If I look closely those lines are physically darker green than the rest of the grass. I cut the grass 3-4 days ago so none of the grass looks to be laying in a different direction, its all fairly straight up. 
Also, it seems like the dark green grass lines are taller/grew faster than the rest.


----------



## foroxc (May 9, 2018)

I'm not a pro, but in my opinion look like you always mow in the same direction, try mowing different direction that works for me but my yard is way much smaller. just my opinion may work.


----------



## SNOWBOB11 (Aug 31, 2017)

If the grass along the wheel tracks is taller because it never got cut fully it might be greener. Generally taller grass has a darker green look to it.


----------



## Grasshopper (Nov 12, 2017)

Schaef said:


> If I look closely those lines are physically darker green than the rest of the grass. I cut the grass 3-4 days ago so none of the grass looks to be laying in a different direction, its all fairly straight up.
> Also, it seems like the dark green grass lines are taller/grew faster than the rest.


When was the last time you fertilized and what method?

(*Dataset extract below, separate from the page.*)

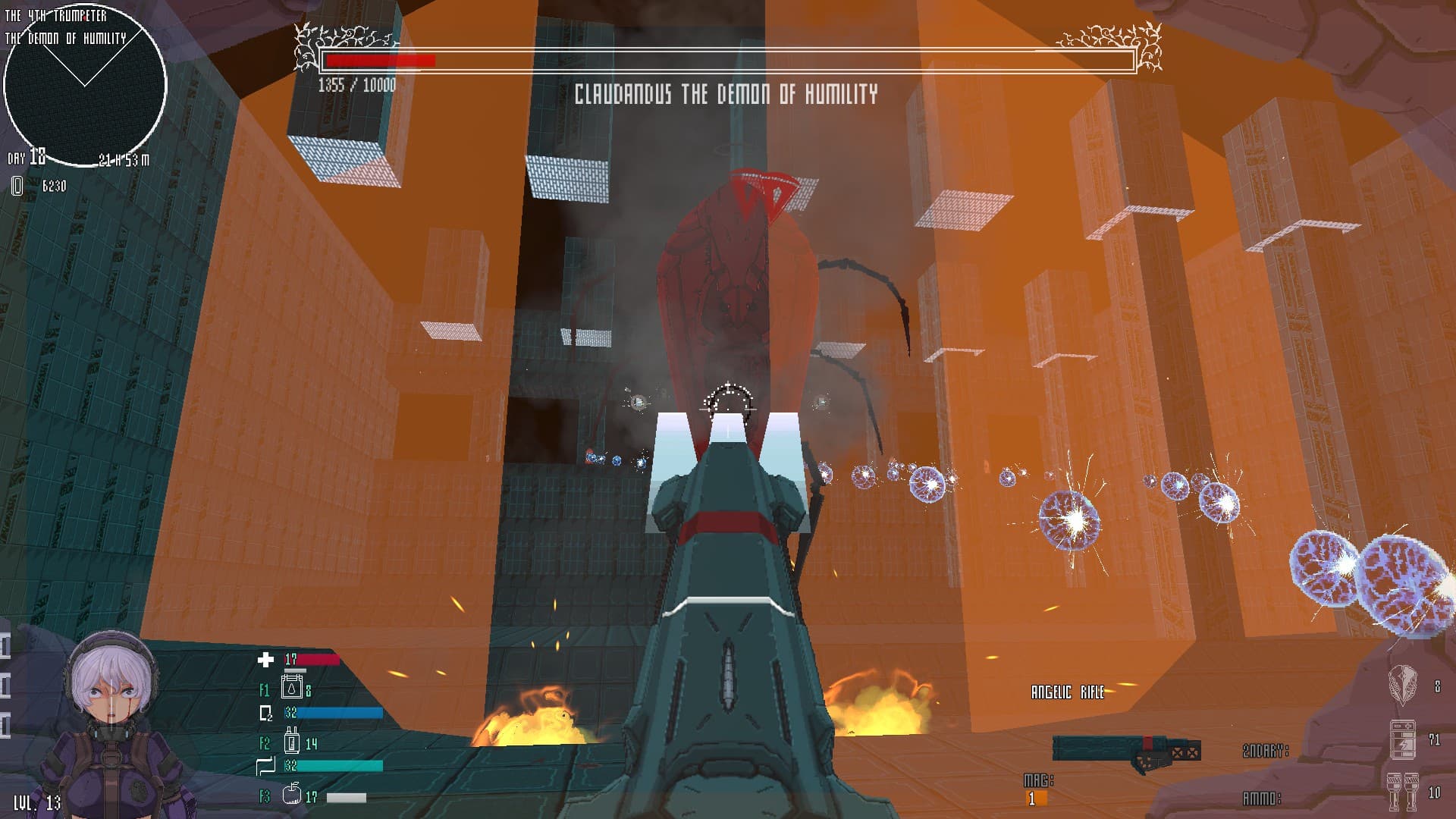 Встречаемые в игре боссы не представляют собой ничего интересного. Перед битвой с ними Мученице выдают ангельское оружие. Оно невероятно мощное, и с лёгкостью разрывает на кусочки большого и злобного плохиша.

From what you've said and the picture it sounds like it may be the same problem I've had before with fert spike.
My spreader was broken (crappy Scott's mini edgeguard) and it was dropping concentrated lines of fertilizer which led to chessboard like patterns and darker faster growing lines of grass.


----------



## Chris LI (Oct 26, 2018)

SNOWBOB11 said:


> If the grass along the wheel tracks is taller because it never got cut fully it might be greener. Generally taller grass has a darker green look to it.


+1^
Also, if you made any ruts while mowing during wet periods, those areas will tend to collect water during future rain events (thus, staying greener). As others have mentioned, altering mowing patterns will help to reduce both the higher uncut blades and rutting.


----------



## TommyTester (Jul 3, 2018)

Cut diagonally the next few times and see if it's related to mowing. It looks odd, like it repeats every 3 rows.


----------



## Schaef (May 28, 2018)

TommyTester said:


> Cut diagonally the next few times and see if it's related to mowing. It looks odd, like it repeats every 3 rows.

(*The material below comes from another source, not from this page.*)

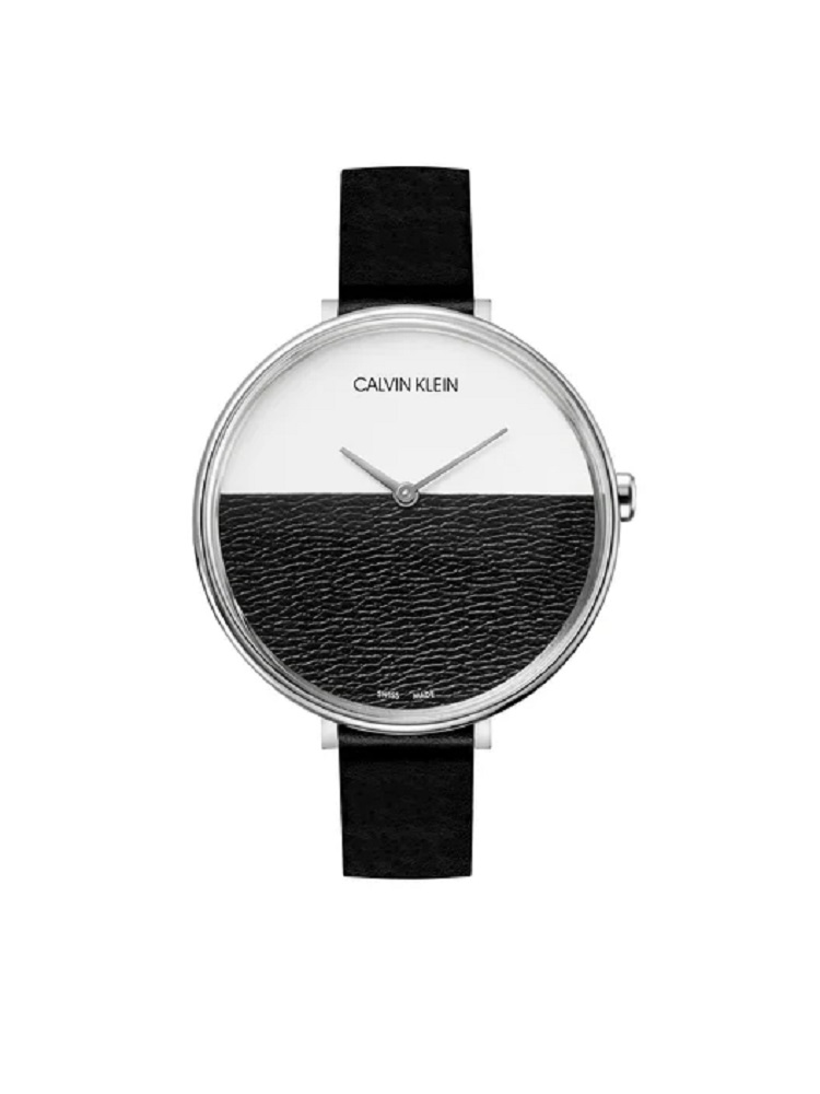 - Orologio Calvin Klein da donna collezione ‘Rise’ con cinturino in pelle nera, cassa in acciaio 38 mm, quadrante nero e bianco. Movimento al quarzo Swiss made. Water resistent

That was my thinking, my last cut was width ways (left to right in the pic) and you can slightly see the dark green lines going that way too. It seems to be every 2-3 tracks of the mower.
With the rain we are getting it may go away and blend in. Ill try diagonal next cut and report back.


----------



## TommyTester (Jul 3, 2018)

Schaef said:


> That was my thinking, my last cut was width ways (left to right in the pic) and you can slightly see the dark green lines going that way too. It seems to be every 2-3 tracks of the mower. With the rain we are getting it may go away and blend in. Ill try diagonal next cut and report back.


I am using a riding mower this year and the lawn looks like a carpet once mowed as compared to my push mower that left deep wheel marks and footprints  ; both very noticeable afterwards especially when I'd mow high. I'll never go back to a push mower.

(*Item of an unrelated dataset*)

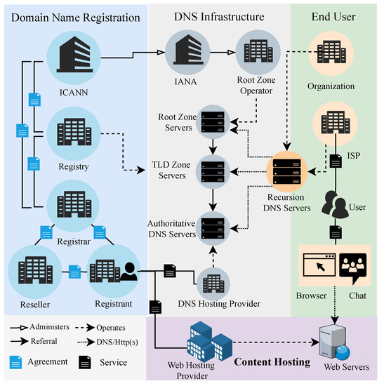 The Internet is a worldwide distributed network comprised of numerous autonomous networks connected voluntarily. It is governed by a decentralized and international multistakeholder network of interconnected autonomous groups comprised of civil society, business, government, academia, research, and national and international organizations. They work together across their different jobs to develop policies and standards that keep the Internet working worldwide for the public good. As a result, this architecture leads to many infrastructures and entities involved in the Internet for end-users to access the services (e.g., websites and email) provided by domain names, as illustrated in Figure 1.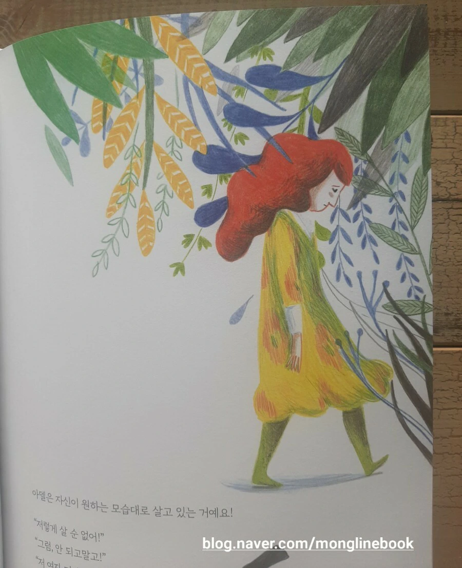 자신이 원하는 모습대로 살고 있는 아델이 부럽다는 생각이 들었습니다. 하지만 타인의 시선을 의식하지 않을 수가 없지요. 본인을 이상하게 생각하니까 아델은 속상한 표정을 짓습니다.

That said, I have noticed some green streaking a few days after mowing now too. I think it is due to the front wheels of the rider pushing down the grass and then the suction from the deck, set on HIGH, not being able to lift the smashed grass back up fully as it cuts as compared to the grass in the center of the row; therefore resulting in an uneven cut.

A compounding factor is the tendency of rider owners to drive far faster than we should (since it's fun), not giving the machine enough time to suck up the smashed grass fully prior to the cut. I side-discharge too, so the suction is not as strong as if I were to use mulching blades.

The green streaking I see is noticeable once the smashed grass has time to pop back up, with these blades appearing greener because they are indeed taller than the grass in the center of the row.

I'm going to try to drive slower next time to see if the green streaking I see is reduced.

Good topic!


----------